_Aim of the task_
For the data below, transcribe the part that opens with the line containing "Yokomo BD9 Big" and closes with the line containing "This drinking glass", exactly and with no pictures.

_Supplied data_

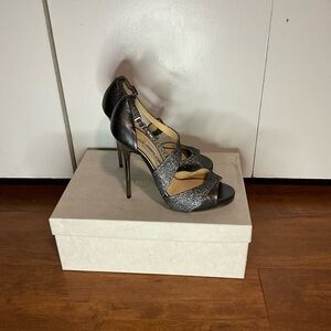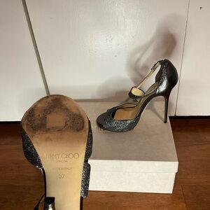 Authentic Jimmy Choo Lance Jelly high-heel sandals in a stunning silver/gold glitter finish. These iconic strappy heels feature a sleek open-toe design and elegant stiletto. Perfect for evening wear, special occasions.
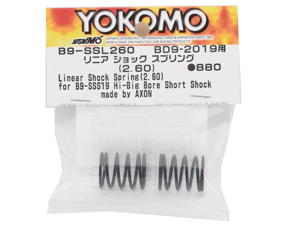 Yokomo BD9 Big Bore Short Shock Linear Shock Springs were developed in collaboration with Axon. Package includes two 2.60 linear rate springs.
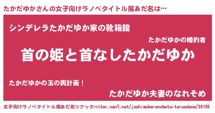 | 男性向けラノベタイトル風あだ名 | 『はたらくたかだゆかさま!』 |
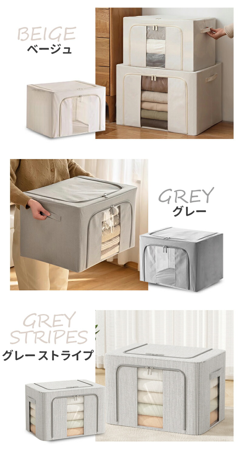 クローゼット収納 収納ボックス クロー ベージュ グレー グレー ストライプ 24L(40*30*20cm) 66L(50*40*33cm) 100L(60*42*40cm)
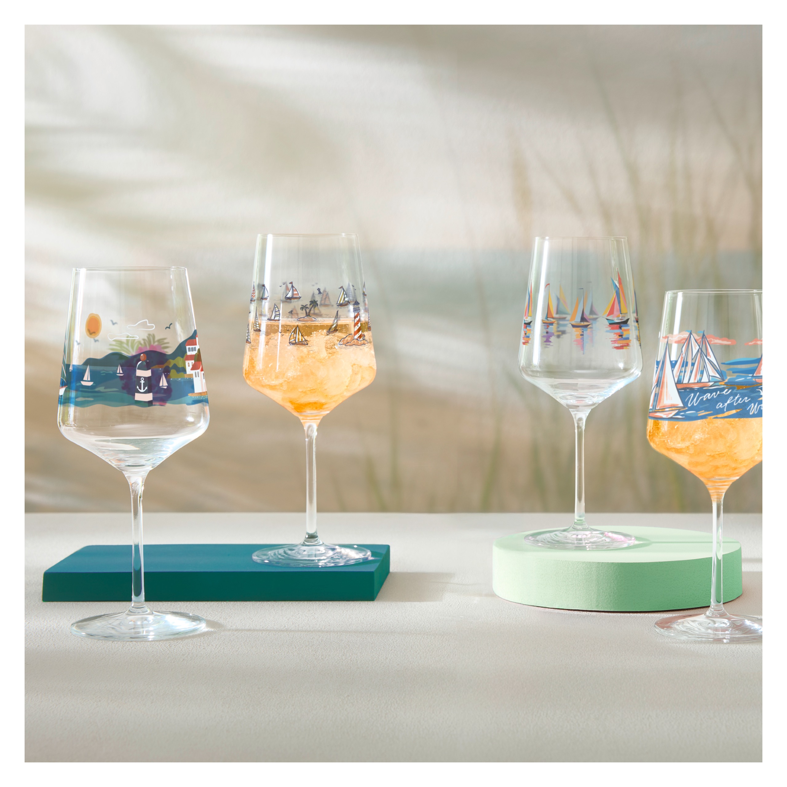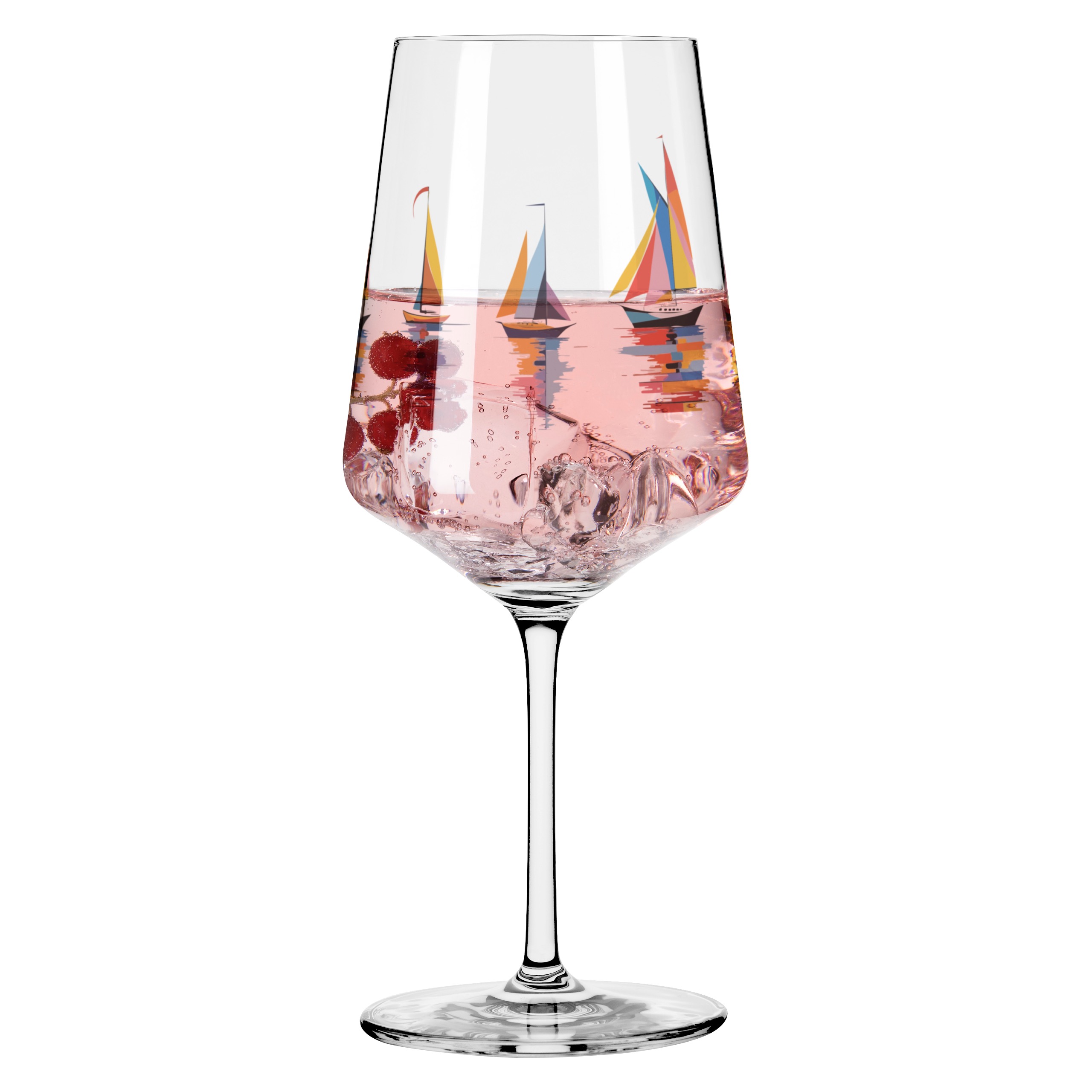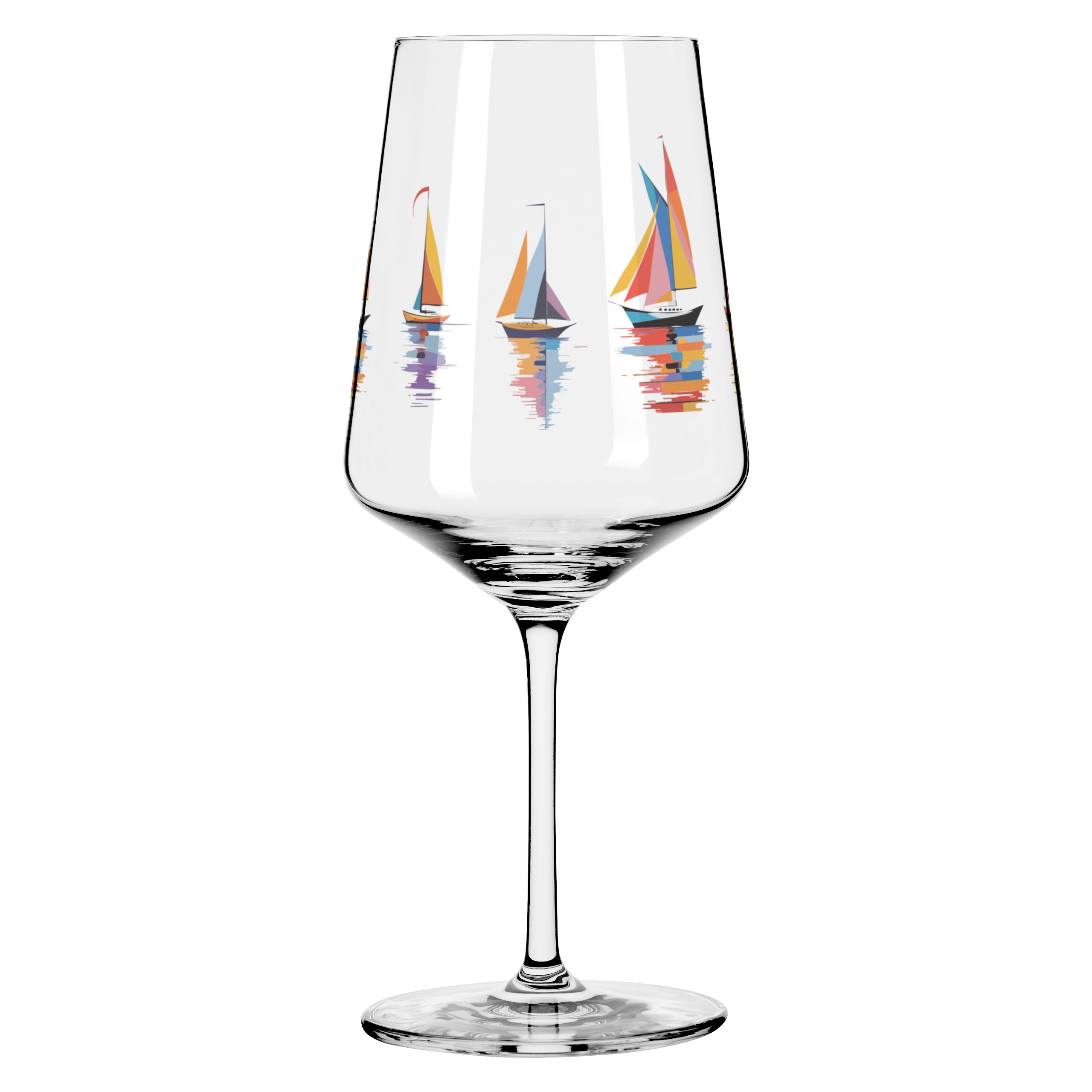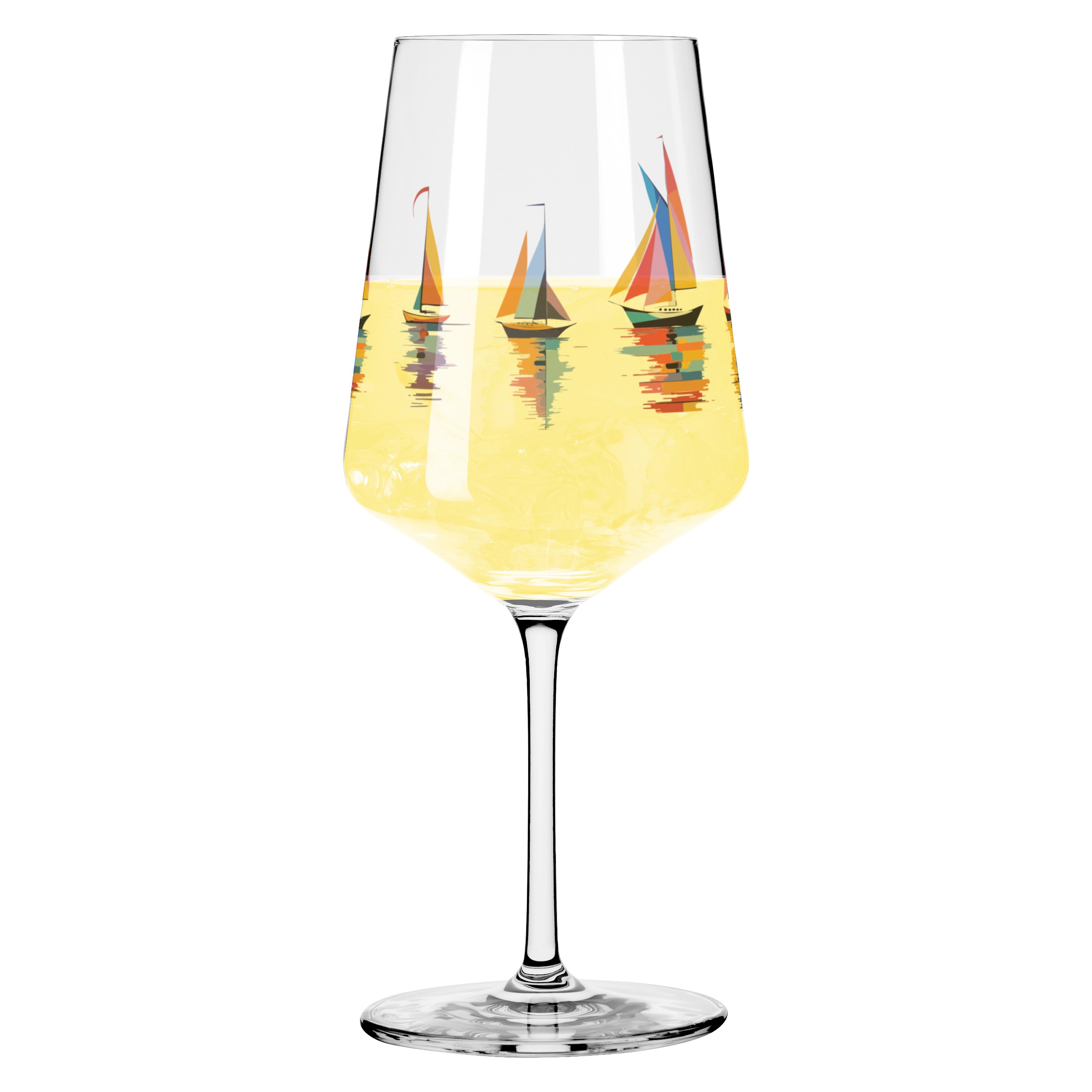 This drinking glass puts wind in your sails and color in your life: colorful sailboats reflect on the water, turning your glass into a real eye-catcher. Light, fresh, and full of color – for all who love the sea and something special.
---
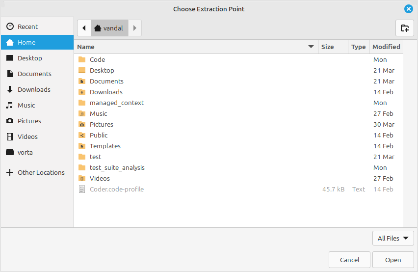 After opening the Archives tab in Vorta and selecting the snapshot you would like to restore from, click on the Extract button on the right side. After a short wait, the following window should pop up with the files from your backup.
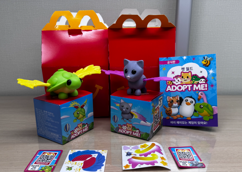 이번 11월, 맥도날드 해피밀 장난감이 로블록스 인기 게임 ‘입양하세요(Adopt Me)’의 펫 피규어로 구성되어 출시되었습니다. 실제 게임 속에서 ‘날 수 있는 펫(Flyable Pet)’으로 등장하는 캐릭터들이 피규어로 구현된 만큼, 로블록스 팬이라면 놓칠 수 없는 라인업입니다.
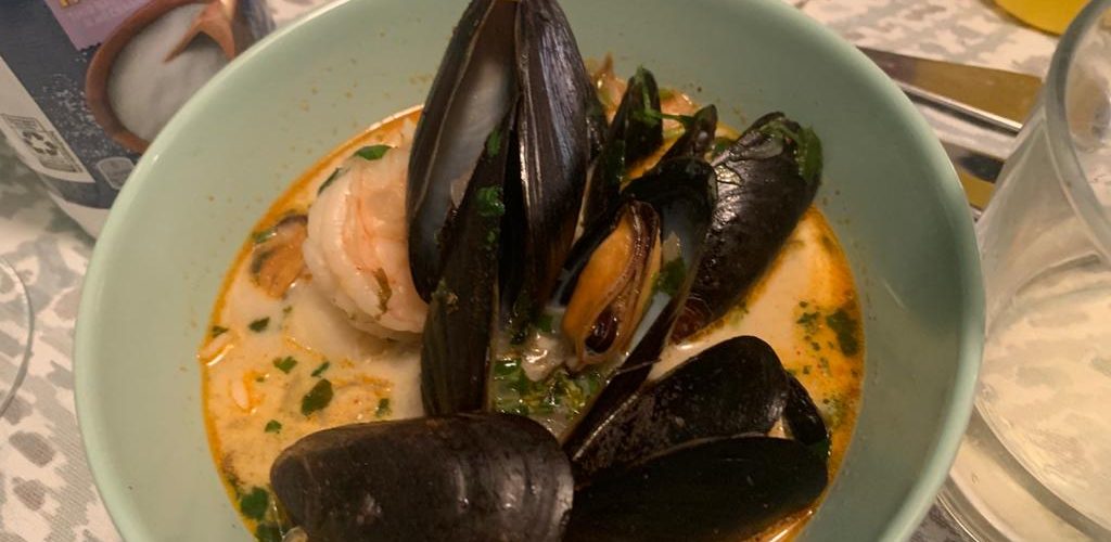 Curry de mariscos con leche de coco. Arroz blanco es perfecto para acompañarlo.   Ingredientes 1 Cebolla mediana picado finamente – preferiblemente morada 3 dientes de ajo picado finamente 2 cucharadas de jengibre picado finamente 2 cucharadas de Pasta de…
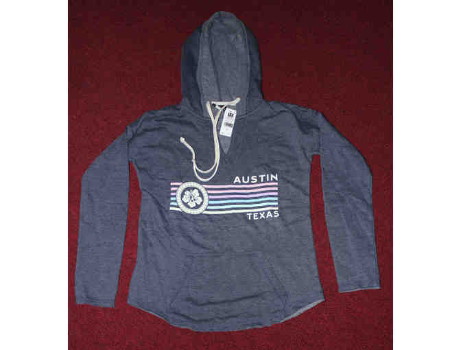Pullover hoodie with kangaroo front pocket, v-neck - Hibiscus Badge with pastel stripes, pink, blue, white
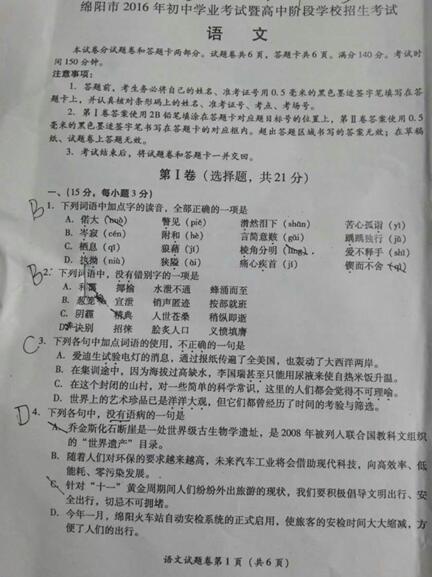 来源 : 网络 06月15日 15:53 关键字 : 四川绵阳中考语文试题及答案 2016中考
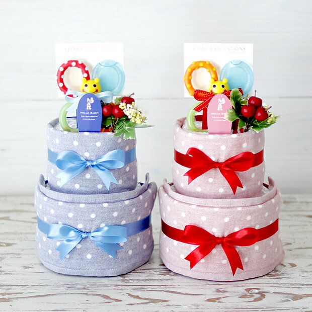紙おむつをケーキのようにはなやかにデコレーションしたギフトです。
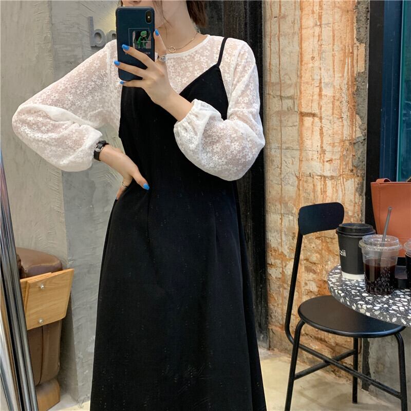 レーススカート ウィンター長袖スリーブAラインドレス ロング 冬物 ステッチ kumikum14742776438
==
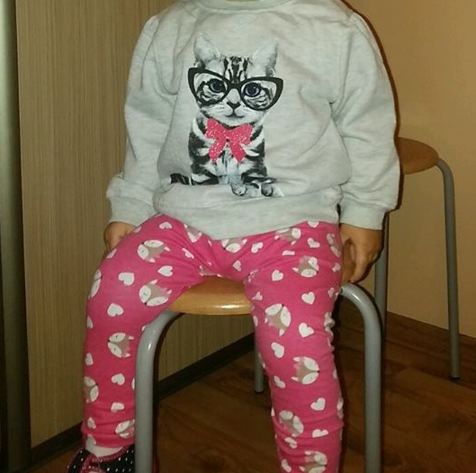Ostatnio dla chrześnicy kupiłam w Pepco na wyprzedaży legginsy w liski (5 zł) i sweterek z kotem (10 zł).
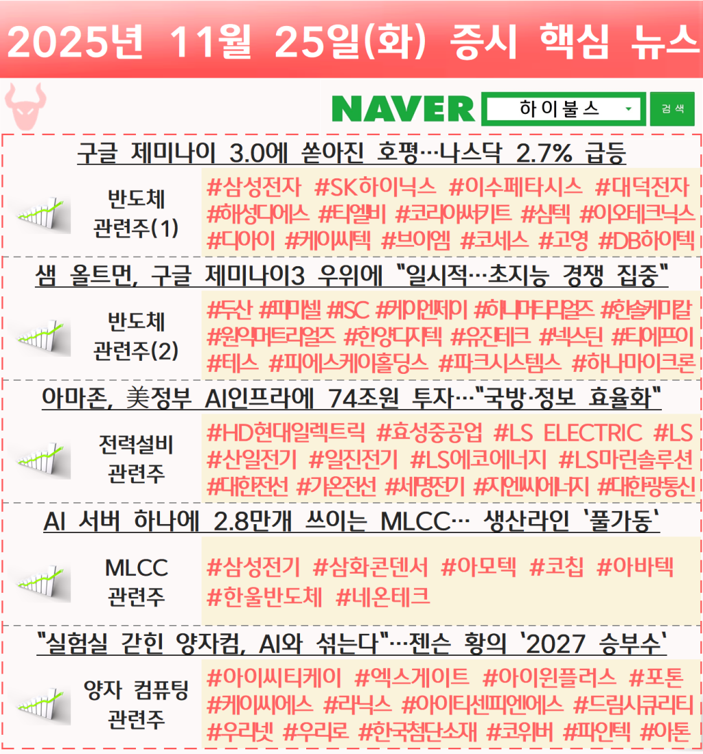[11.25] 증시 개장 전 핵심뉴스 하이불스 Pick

_Your response_
 Yokomo BD9 Big Bore Short Shock Linear Shock Springs were developed in collaboration with Axon. Package includes two 2.60 linear rate springs.
 | 男性向けラノベタイトル風あだ名 | 『はたらくたかだゆかさま!』 |
 クローゼット収納 収納ボックス クロー ベージュ グレー グレー ストライプ 24L(40*30*20cm) 66L(50*40*33cm) 100L(60*42*40cm)
 This drinking glass puts wind in your sails and color in your life: colorful sailboats reflect on the water, turning your glass into a real eye-catcher. Light, fresh, and full of color – for all who love the sea and something special.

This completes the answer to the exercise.